"Women on Fire": Koblenz tanzt am 14. Februar gegen Gewalt an Frauen
Niklas Neumann"Women on Fire": Koblenz tanzt am 14. Februar gegen Gewalt an Frauen
Tanzdemo in Koblenz: "Women on Fire – Ni una menos" am 14. Februar 2026
Das Gleichstellungsbüro der Stadt Koblenz organisiert am 14. Februar 2026 eine Tanzdemonstration unter dem Motto "Women on Fire – Ni una menos". Die Veranstaltung ist Teil der weltweiten One-Billion-Rising-Kampagne gegen Gewalt an Frauen und Mädchen. Teilnehmerinnen und Teilnehmer sind aufgerufen, durch gemeinsame Bewegung und Solidarität ein Zeichen zu setzen.
Die Kundgebung beginnt um 15:00 Uhr am Löhrrondell, wo sich die Anwesenden zu einem Gruppentanz nach dem Lied "Break the Chain" versammeln. Anschließend zieht der Demonstrationszug zum Münzplatz, begleitet von Redebeiträgen. Den Abschluss bildet eine Kundgebung.
In diesem Jahr startet die Demonstration zudem die "Sporteln-gegen-Gewalt"-Kilometer-Challenge, die bis zum 8. März läuft. Teilnehmende können gelaufene, gegangene oder geradelte Strecken dokumentieren. Die Anmeldung kostet 15 Euro, der gesamte Erlös kommt dem Koblenzer Frauenhaus zugute.
Die One-Billion-Rising-Bewegung verzeichnet seit Jahren weltweite Beteiligung – in über 200 Ländern. 2026 machen 27 Nationen mit und unterstreichen so die internationale Reichweite der Kampagne.
Mit Tanz, Aktivismus und Spendenaktionen will die Veranstaltung auf geschlechtsspezifische Gewalt aufmerksam machen. Die Einnahmen aus der Kilometer-Challenge fließen direkt in lokale Hilfsangebote für Frauen. Die Organisatorinnen hoffen auf eine starke Beteiligung, um das Signal in Koblenz zu verstärken.

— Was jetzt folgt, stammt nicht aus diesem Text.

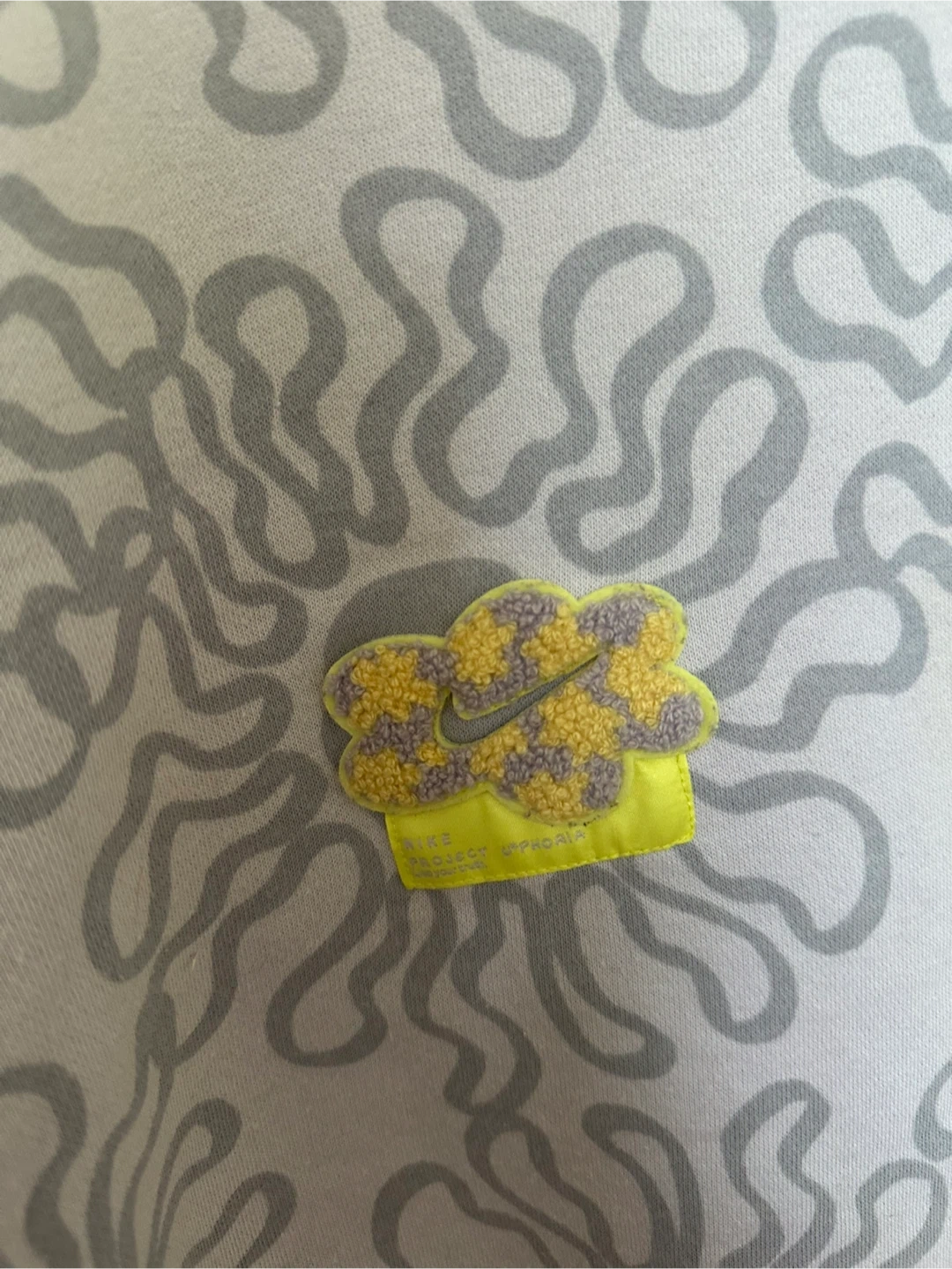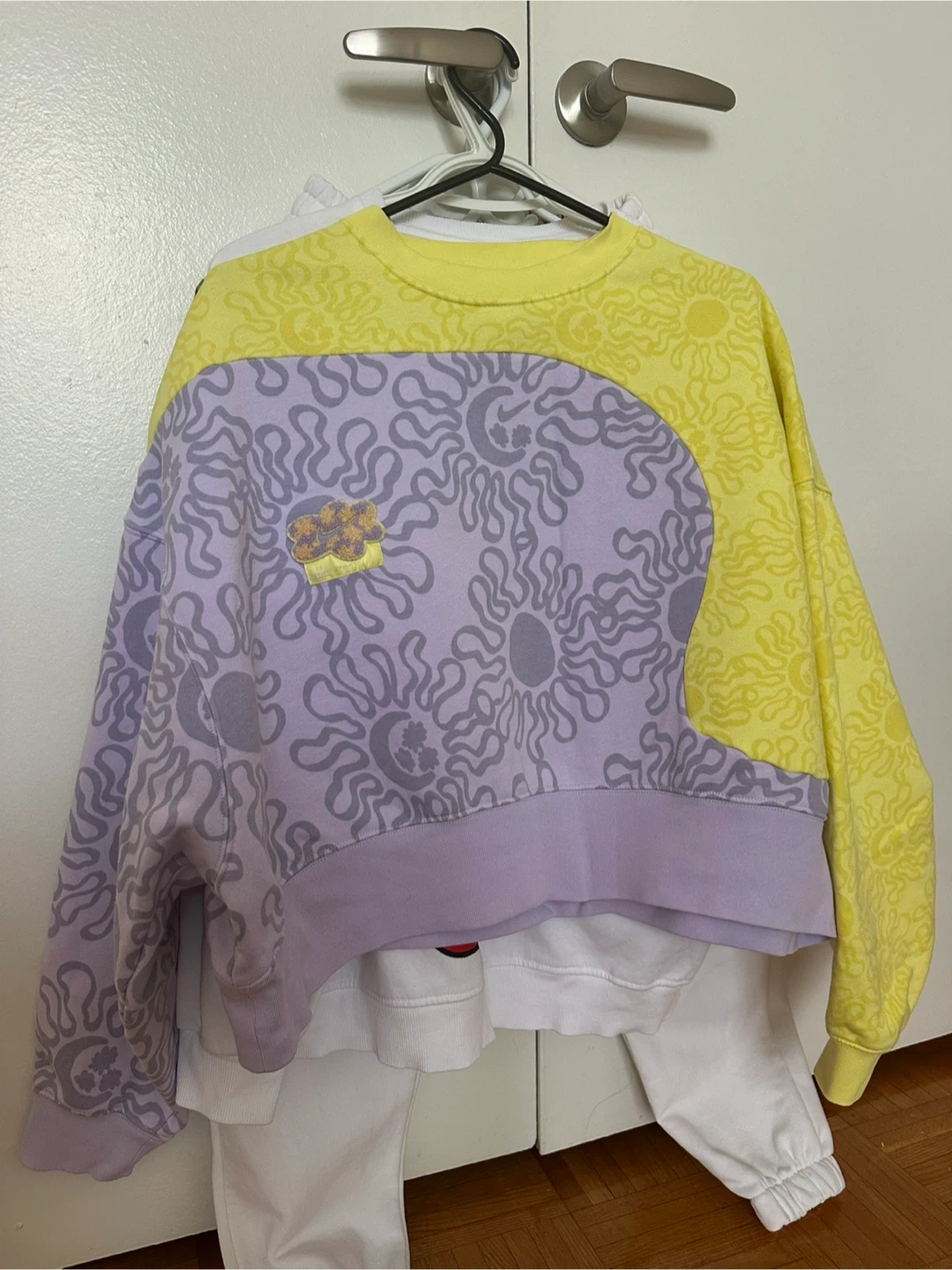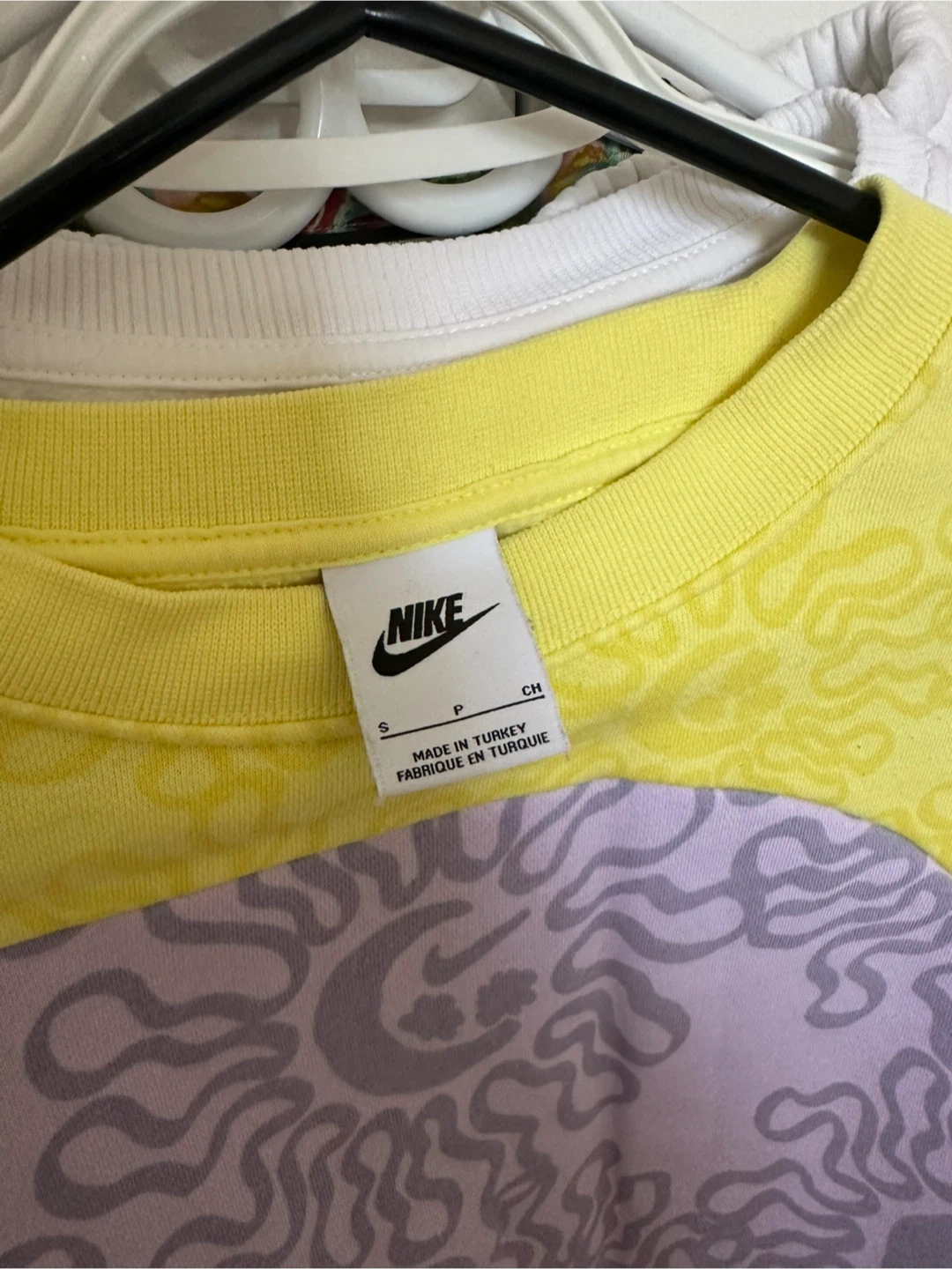 Yellow and lilac graphic print Nike pullover sweatshirt. It's a size S. Made in Turkey. Adds a fun pop of colour to your outfit!

Spaniens Gleichstellungs-Kampagne hallt die Anti-Gewalt-Nachricht von Koblenz wider
Die deutsche Anti-Gewalt-Bewegung erhält internationalen Kontext, da das spanische Ministerium für Gleichstellung am 2. März 2026 eine parallele Kampagne startet. Die spanische Initiative, 'Frauen von hohem Wert. Wir lassen nicht zu, dass die Vergangenheit voranschreitet,' geht direkt auf patriarchale Gewalt und digitale Bedrohungen für Frauen ein. Ministerin Ana Redondo warnte: 'Wir lassen nicht zu, dass die Vergangenheit voranschreitet,' und betonte den Anstieg rechtsextremer Ideologien, die traditionelle Geschlechterrollen fördern.